Task prompt:
The lines below, from the one containing "在白沙瓦,早就耳闻一位老人,看似普通,却" through the one containing "由此可見,進入全新的618平", should be set down exactly, with no pictures and nothing else.

___

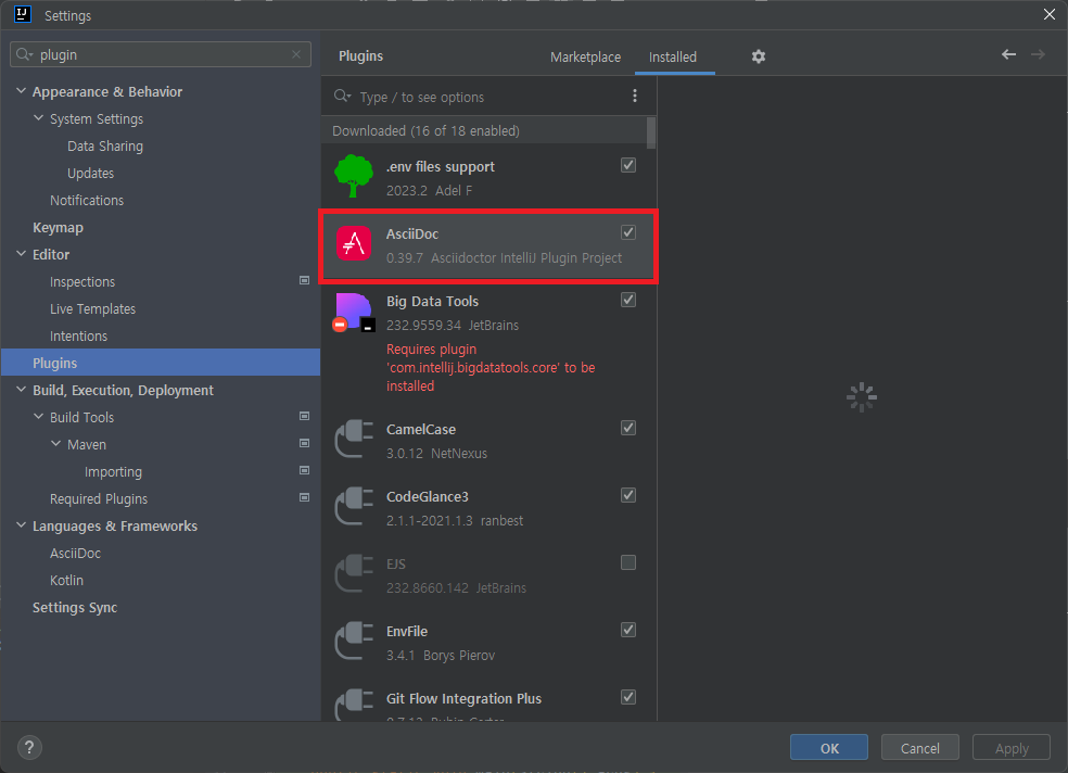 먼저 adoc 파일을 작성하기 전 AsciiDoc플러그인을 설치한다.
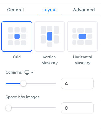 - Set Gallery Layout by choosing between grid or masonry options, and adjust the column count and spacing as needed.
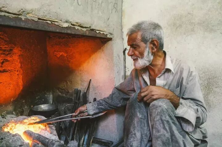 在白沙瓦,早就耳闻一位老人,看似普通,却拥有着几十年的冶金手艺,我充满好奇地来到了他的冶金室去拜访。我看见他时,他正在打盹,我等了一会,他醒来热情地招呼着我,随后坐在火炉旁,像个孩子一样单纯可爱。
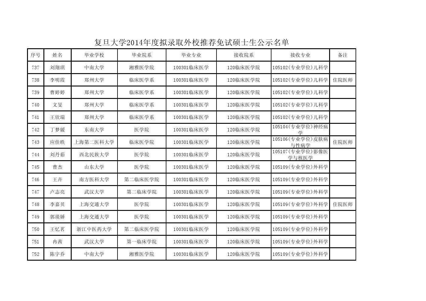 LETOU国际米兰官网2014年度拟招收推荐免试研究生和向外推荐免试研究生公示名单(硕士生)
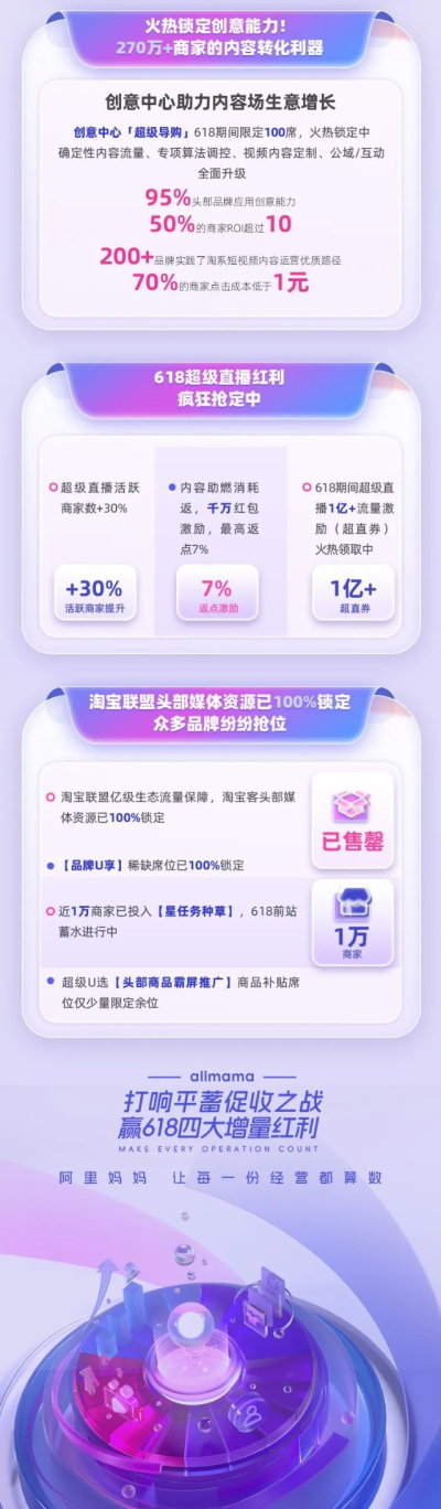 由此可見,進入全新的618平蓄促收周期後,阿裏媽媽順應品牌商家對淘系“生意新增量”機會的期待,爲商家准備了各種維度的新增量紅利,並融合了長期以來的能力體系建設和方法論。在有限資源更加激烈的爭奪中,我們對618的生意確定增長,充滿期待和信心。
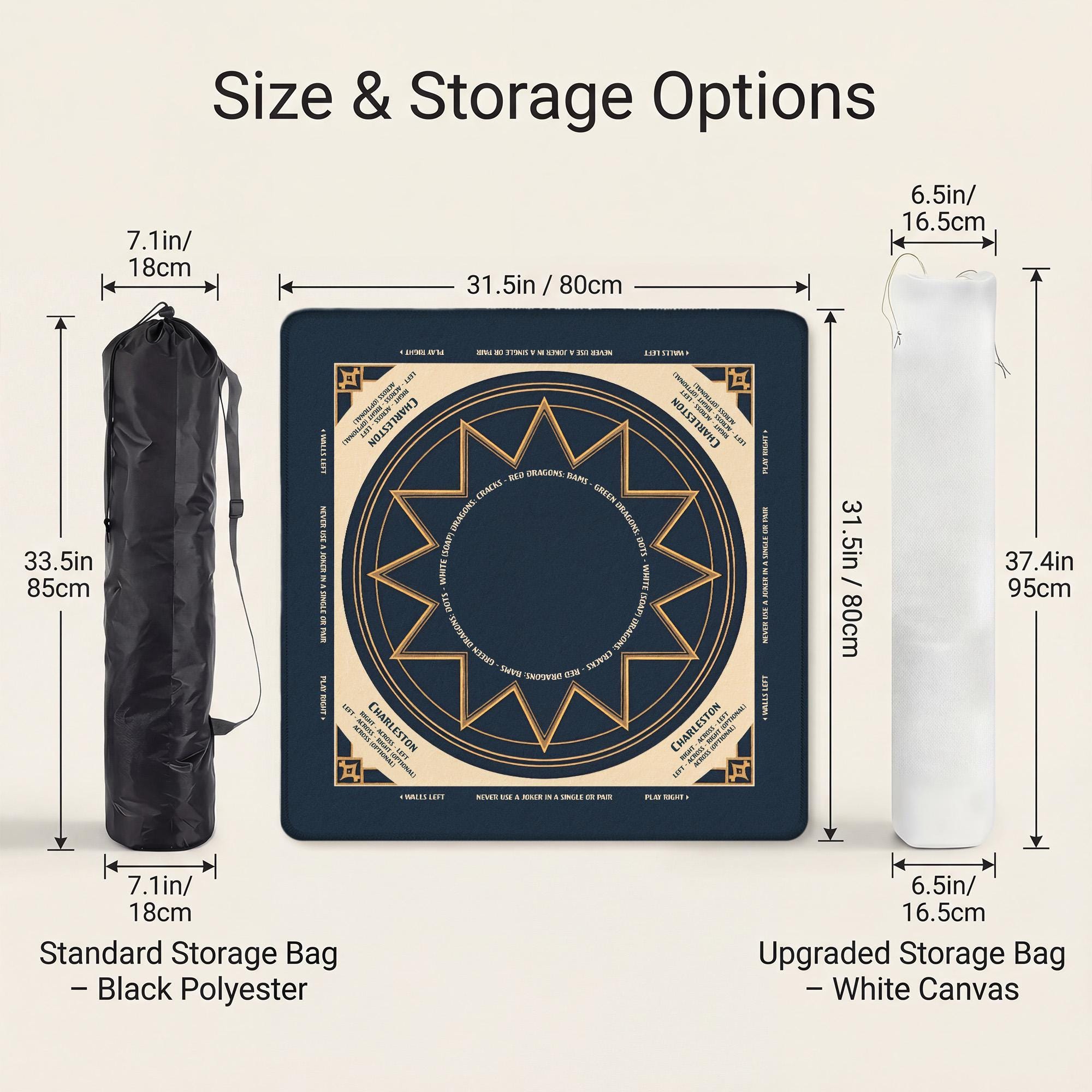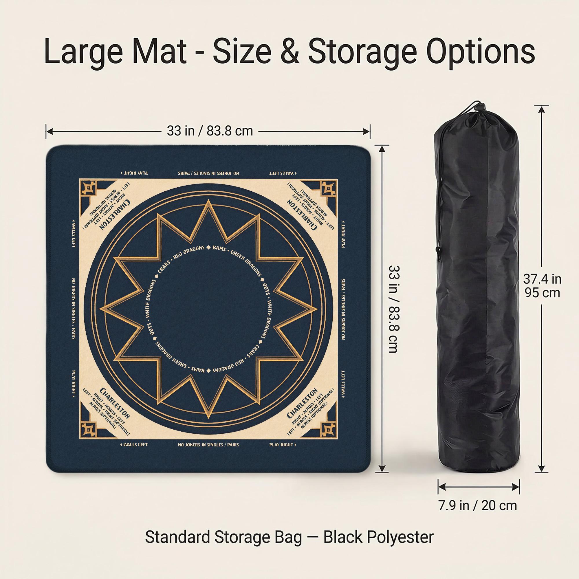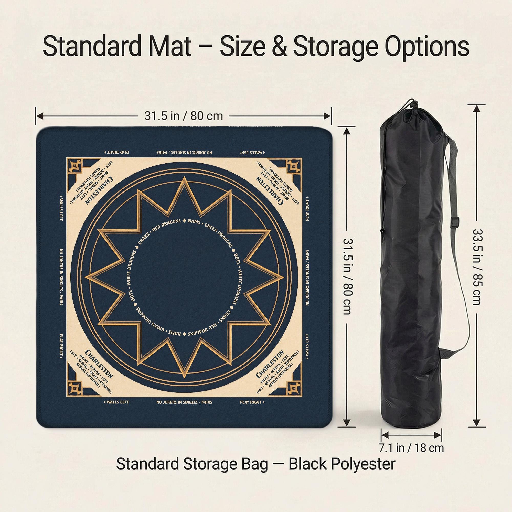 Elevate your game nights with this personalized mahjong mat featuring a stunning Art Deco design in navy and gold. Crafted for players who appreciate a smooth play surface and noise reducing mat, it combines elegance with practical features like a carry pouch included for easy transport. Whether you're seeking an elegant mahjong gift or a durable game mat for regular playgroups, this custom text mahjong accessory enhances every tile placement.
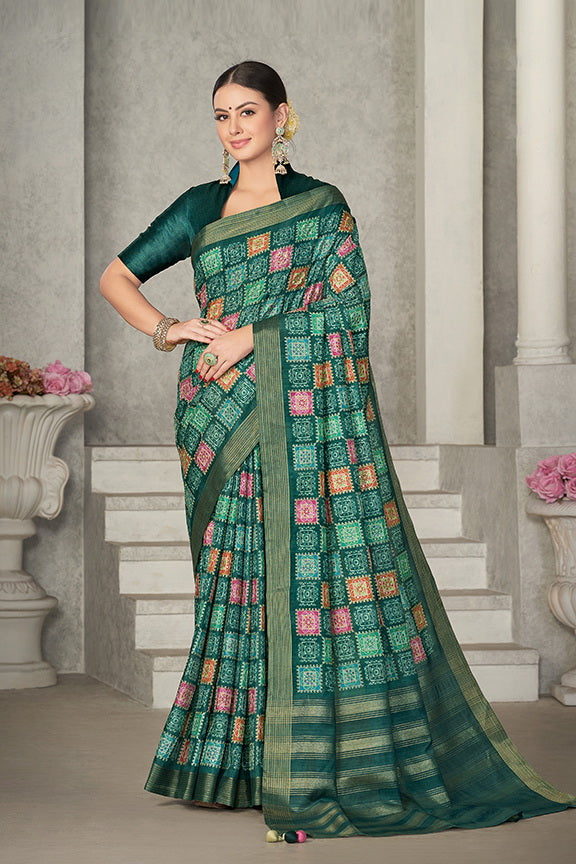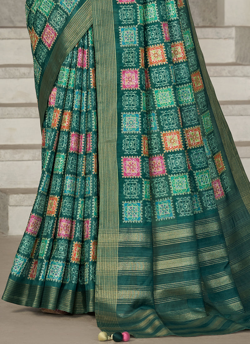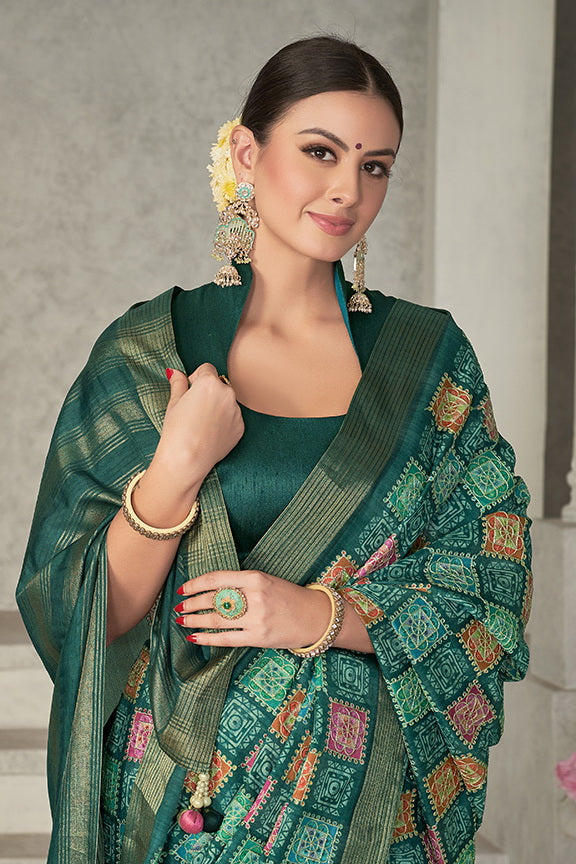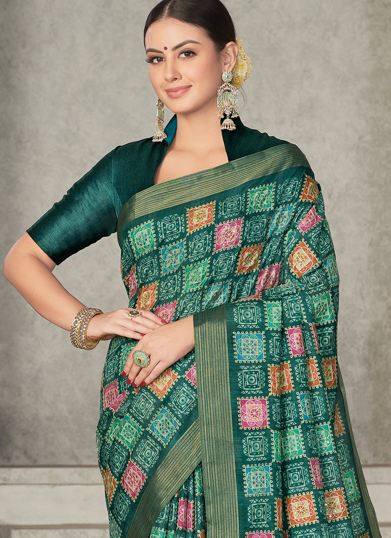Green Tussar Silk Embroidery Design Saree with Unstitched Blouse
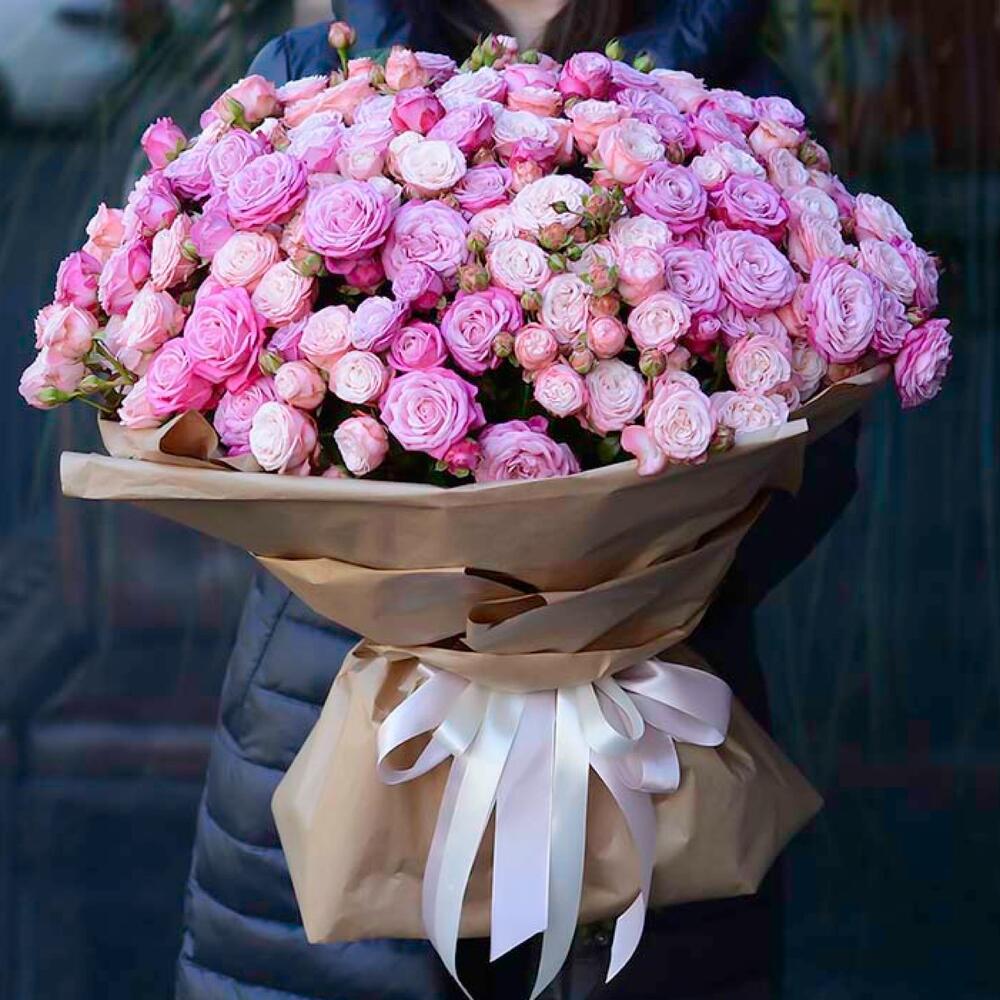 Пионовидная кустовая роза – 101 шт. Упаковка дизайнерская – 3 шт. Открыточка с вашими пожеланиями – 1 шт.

___

Response box:
 在白沙瓦,早就耳闻一位老人,看似普通,却拥有着几十年的冶金手艺,我充满好奇地来到了他的冶金室去拜访。我看见他时,他正在打盹,我等了一会,他醒来热情地招呼着我,随后坐在火炉旁,像个孩子一样单纯可爱。
 LETOU国际米兰官网2014年度拟招收推荐免试研究生和向外推荐免试研究生公示名单(硕士生)
 由此可見,進入全新的618平蓄促收周期後,阿裏媽媽順應品牌商家對淘系“生意新增量”機會的期待,爲商家准備了各種維度的新增量紅利,並融合了長期以來的能力體系建設和方法論。在有限資源更加激烈的爭奪中,我們對618的生意確定增長,充滿期待和信心。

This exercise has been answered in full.